Barbecue – der Grilltrend 2013

(djd). Wenn die Temperaturen nach oben klettern, steigt bei Grill-Fans die Stimmung: Zeit zum Angrillen! 2013 geht der Trend eindeutig hin zum Barbecue. Bei dieser speziellen Garmethode wird das Fleisch üblicherweise schonend in speziellen Öfen, sogenannten Smokern, zubereitet, die nach und nach auch in Deutschland ihre Verwender finden. In den USA hat sich das Barbecue zu einer besonderen Esskultur entwickelt – denn hierzu kommen ganze Familien und Freundeskreise zusammen, um gemeinsam im Freien zu speisen und das Leben zu genießen.

Wichtig: Saucen und Marinaden

Mindestens so wichtig wie das gesellige Beisammensein sind für ein perfektes Barbecue vor allem die begleitenden Saucen und Marinaden. Dabei spielt es keine Rolle, ob sie würzig oder fruchtig sind – Marinaden lassen in jeder Komposition Fleisch zarter und Fisch saftiger werden. Auch Gemüse und Obst erhalten eine ausgefallene Geschmacksnote, wenn sie vor dem Grillen mariniert werden. Wer sein Grillgut selbst einlegt, schöpft aromatisch aus dem Vollen: Als Basiskomponenten einer Marinade gelten Öle, Würzsaucen und Gewürze. Meist verwendet man pflanzliches Öl, beispielsweise Olivenöl, oder Öle mit Thymian- oder Zitronenaroma.
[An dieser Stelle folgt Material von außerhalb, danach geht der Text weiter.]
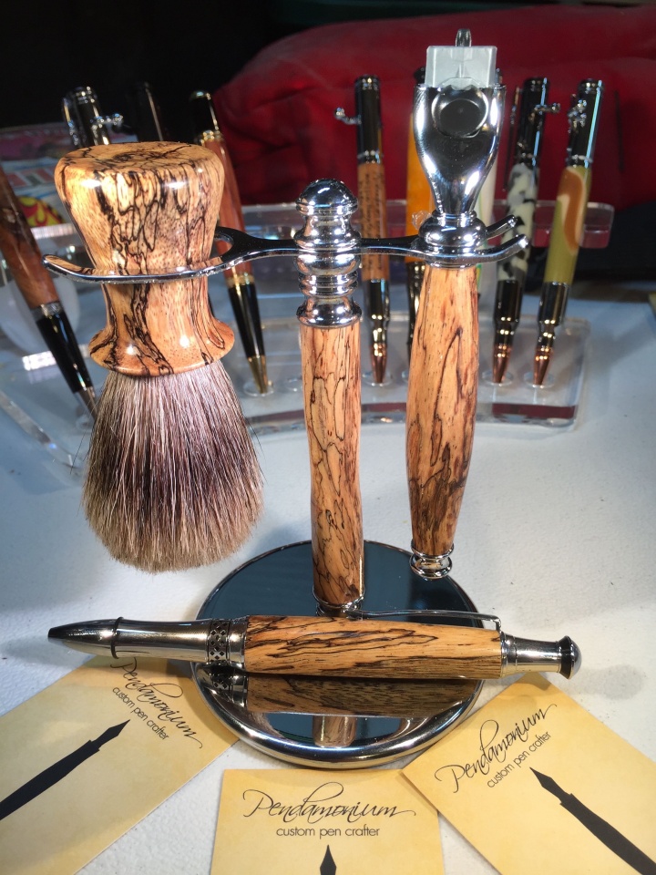 Had one of my wives coworkers ask if I could make a Razor Set for her boyfriend as a Christmas gift. She was picky about the shape of the brush. I finished the set today and just about kept it for myself. Made from Spalted Tamarind and it turned out real nice. She also requested a matching pen for the shaving set. All feedback accepted.
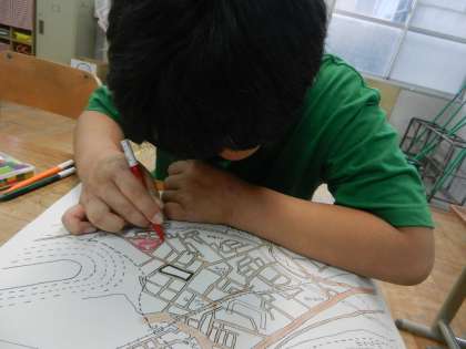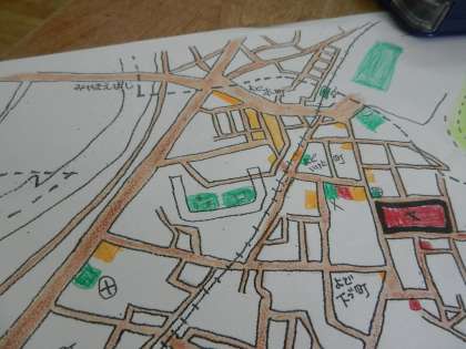 iPadで画像を見ながら、白地図にいろいろな施設を色分けして書き込んでいきました。
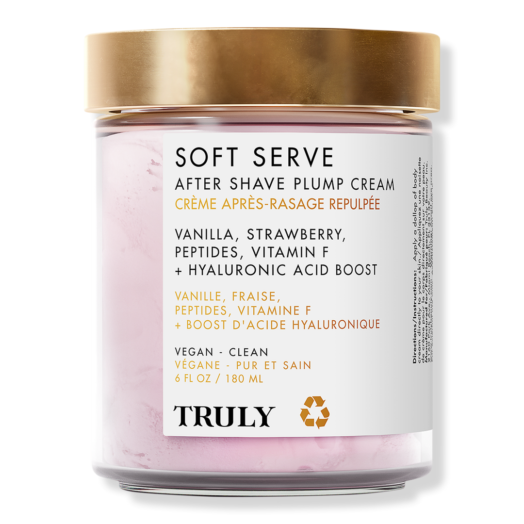 Truly’s Soft Serve After Shave Plump Cream is an ultra rich body cream that visibly plumps and hydrates while fighting ingrown hairs for silky smooth, youthful looking skin. Enriched with strawberry, hyaluronic acid, and peptides to combat dryness, signs of aging, and textured skin.
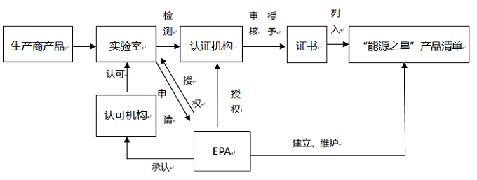 自1992年“能源之星”项目启动之日起,一直采取自愿性认证方式。即由生产商依据相关测试标准,向美国环保署提供自主执行的产品检测报告或第三方(无资质要求)的测试报告,待美国环保署审核确认之后,对相关产品给予列名,并授权该生产商可以针对该款产品使用“能源之星”标识,自行加贴在相关产品上。2009年6月开始美国审计总署对“能源之星”认证申请流程进行了调查,发现“能源之星”计划极易作假。2010年3月美国政府责任办公室提交了“能源之星”流程审计报告,报告宣布当时使用的“能源之星”流程对可能存在的欺诈和滥用缺乏防范,不足以防止厂商故意篡改信息。因此2010年4月14日,EPA和DOE联合宣布调整“能源之星”产品的认证过程,以确保只有符合要求的产品才能获准得到“能源之星”标签。新的认证制度自2011年1月1日起开始执行。依据新的认可证制度,制造商必须向美国环保署授权的第三方认证机构提交申请,同时在美国环保署认可授权的实验室进行产品检测。在获得测试报告后,交由认证机构对产品报告进行审核,经确认之后授予证书,最后由美国环保署将这些产品列在网上合格产品清单中。
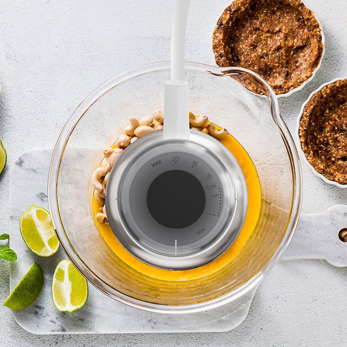 Denna stavmixer är utrustad med en kraftfull 750 W-motor, vilket gör den idealisk för en mängd olika mixningsuppgifter. Med 20 justerbara hastighetsinställningar kan du enkelt styra mixningsintensiteten så att den passar dina behov. Turbofunktionen ger en extra kraftfull boost för tuffare ingredienser.
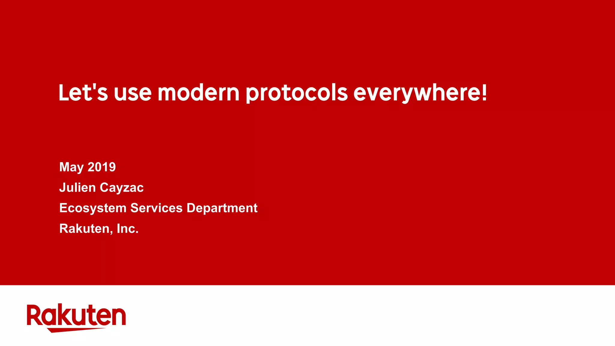 HTTP/1.1 is an obsolete and inefficient protocol for web communication. HTTP/2 provides major improvements such as header compression, multiplexing of requests and responses, and server push that can reduce webpage loading times by over 50%. HTTP/3 is expected in 2019 and will replace TCP with the UDP-based QUIC protocol, addressing limitations of TCP like head-of-line blocking and allowing for faster 0-RTT connections. Organizations should adopt HTTP/2 now and prepare for HTTP/3 to improve performance of their web applications and infrastructure.

Darüber hinaus sind Zutaten wie Knoblauch, Ingwer oder Curry zusätzliche Geschmackslieferanten, genauso wie Orangen- oder Grapefruitsaft – am besten frisch gepresst. Ideal für einen typischen BBQ-Geschmack nach Art der Südstaatenküche ist zum Beispiel die aus geräucherten Chilischoten hergestellte Tabasco Brand Chipotle Pepper Sauce. Mit ihrem rauchigen Geschmack eignet sie sich nicht nur als Marinade, sondern ist auch als Grillsauce oder Zutat für Dips eine gute Begleitung fürs Barbecue.

Aroma braucht Zeit

Für welche Marinade man sich auch entscheidet, ein bisschen Zeit sollte man dem Grillgut gönnen, damit es die Aromen aufnehmen kann. Ein gutes Hilfsmittel ist dafür ein Gefrierbeutel, in den man alle Bestandteile füllt. Durch leichtes Kneten des Beutels verteilen sich die Aromen besonders gut. Sehr große Stücke lässt man am besten über Nacht im Kühlschrank durchziehen.